Wilkesboro Community College, Wilkesboro, N.C., April 25, 2024

Reviewed by Kevin Oliver

MerleFest 2024 Opens With Strong Thursday Night Lineup

The 36th annual edition of MerleFest, the North Carolina roots music festival that describes itself as "Traditional Plus," lived up to that billing when it kicked off Thursday night. The lineup included several of the most popular groups in current bluegrass music and offered up some unique and special moments.

Dan Tyminski Band took the Watson stage with a set of solid traditional bluegrass highlighted by his songwriting. Sure, they played his version of the Stanley Brothers "Man of Constant Sorrow" made famous more than 20 years ago via the "O Brother, Where Art Thou" soundtrack, but they also included tunes such as "My Biggest Fan," a song Tyminski introduced by way of a story about his fiddle player Maddie Denton. She is a championship caliber fiddler who left a career as a teacher behind to play bluegrass music. The song touches on the support someone like Denton has to receive to be successful, from her parents and others.

Tyminski also pulled out a powerful rendition of the title track of his most recent album "God Fearing Heathen," in an acoustic solo performance. The most moving moment of the set, however, and one that shone a light on Tyminski's storytelling abilities the best, was the haunting, "Silence in the Brandy," an ode to veterans with PTSD and their struggles after coming home from military service.

The Steep Canyon Rangers were next up on the Watson stage, and if Tyminski was a showcase of how great traditional bluegrass can be, the Rangers proved how far it can be taken in the service of great musicality and performance. They've been more than just another bluegrass act for many years, adding drums and stretching the boundaries of original songwriting within the bluegrass framework, and this set was a perfect example of their talent.

After an instrumental opener, the band members took turns taking lead vocal duties on the various songs, They are all excellent musicians, but the blend of their different voices adds that little bit extra on songs such as "Fare Thee Well, Carolina Gals," where the solo acoustic opening saw the rest of the band gradually join in until the song swelled to multi-part harmony.
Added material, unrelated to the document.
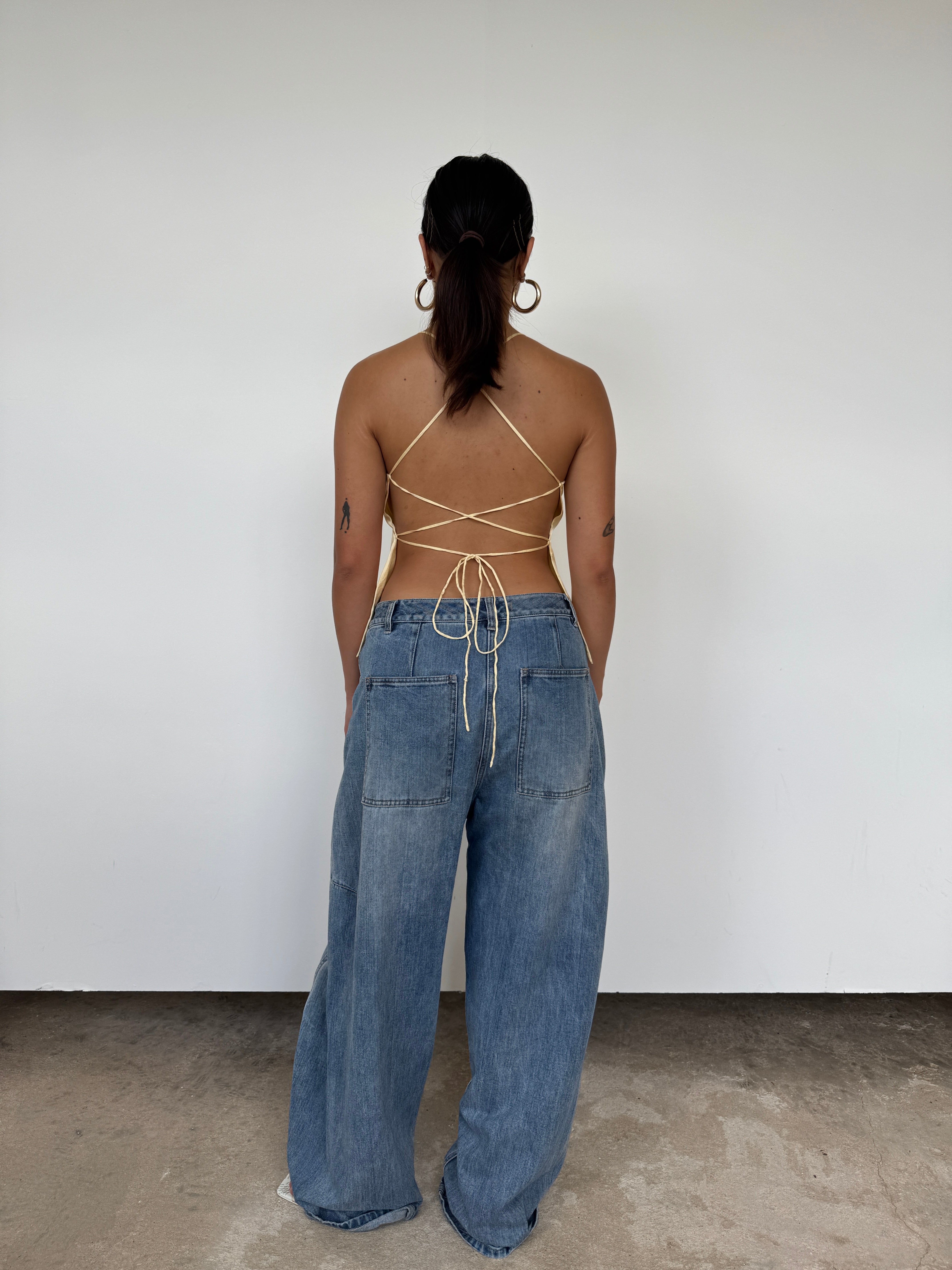 This piece features a tie-back closure, which can be adjusted to suit

There are moments at MerleFest that just happen, and one of those occurred at the end of the Rangers' set as they seemed to be ending their final song only to slide into a full-fledged version of the Allman Brothers' "In Memory of Elizabeth Reed," an homage to the recently passed Dickey Betts. Without an electric guitar in sight, banjo player Graham Sharp replicated Betts' lead solos on his banjo to electrifying results.

With a band and discography that has resulted in two "Best Bluegrass Album" Grammy Awards in the past three years, Molly Tuttle and Golden Highway may have been the most anticipated set of the night, and she and her band delivered on that anticipation.
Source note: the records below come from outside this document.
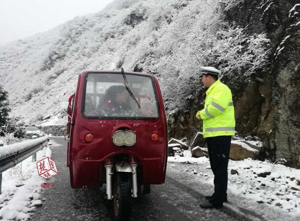 楚天都市报11月30日讯 (记者陈俊 通讯员喻欣 秦利)11月30日上午10时左右,恩施州鹤峰县走马镇大垭路段迎来初冬的第一场雪,造成部分路面出现较为湿滑的现象,对道路交通造成不良影响。为了确保群众出行安全,鹤峰交警在车流量大的重点路段,提醒过往司机保持车距、缓慢驾驶。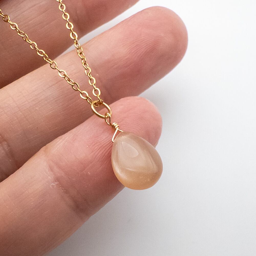 愛情で満たす タンザニア産 ピーチムーンストーン ペンダント ネックレス ステンレス K18GP p015s6
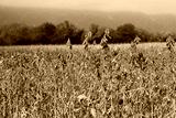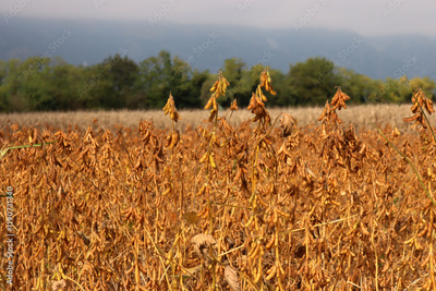 Close-up of dry Soybean field ready to harvest on a sunny day. Cultivated Glycine max

One of the best guitarists in current bluegrass, Tuttle took several opportunities to show off those chops on impossibly fast solo turns, but mostly she focused on a solid ensemble showcase performing some of her best material alongside interesting cover choices.
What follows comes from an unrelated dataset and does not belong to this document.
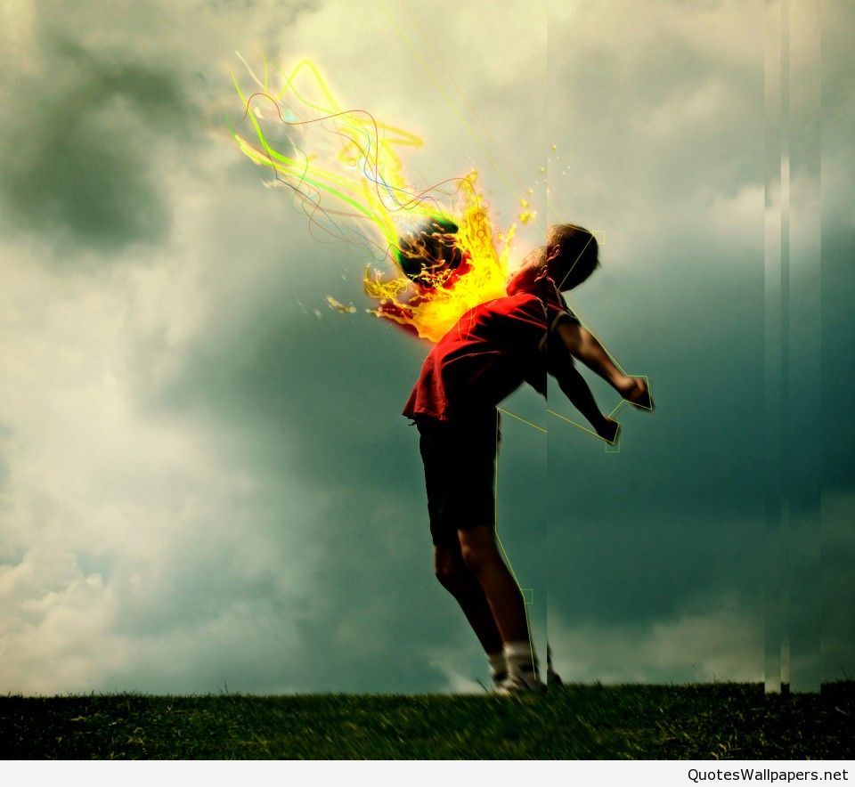 Description: A man is jumping in the air with a fireball in his hand and a cloudy sky behind him.

The band romped through the Stones' "She's A Rainbow," making a case for it as a pretty decent bluegrass tune. Her own "The River Knows," was enhanced via some piped-in sound effects, but it's moody and spooky enough on its own.

The psychedelic side of things was well represented via her own "Alice in the Bluegrass" morphing into a version of "White Rabbit" tied together by the main fictional character from the famous Lewis Carroll story.

The highlight of Tuttle's set was the point when she introduced her song "Crooked Tree," which references growing up feeling different, and noting her own medical condition, alopecia, that cause her to lose her hair at age three. Tuttle then did what she called a "costume change," by removing her wig and playing the last two songs in her natural, hairless state.

Old Crow Medicine Show headlined the evening as the "local boys done good" story, something they referenced multiple times in their set. Founder Willie Watson played a brief set on the Cabin stage just prior to the Old Crow spectacular on the adjacent Watson stage, and he would pop up later in the night sitting in with his old bandmates for a bit of a reunion event.

At one point, the band brought up local buck dancer Arthur Grimes, who had been present when the band first met the Watson family in Boone, N.C., a day that set them on the course they are still navigating in music.

Old Crow Medicine Show is just that, a "show" in every sense of the word. They are members of the Grand Old Opry, and some of that organization's traditional showmanship has definitely become a part of the Old Crow experience. Bandleader Ketch Secor is a manic presence on stage, rarely stopping his constant movement, egging on the band, serving as lead singer, fiddler, harp player and general master of ceremonies for his musical circus act.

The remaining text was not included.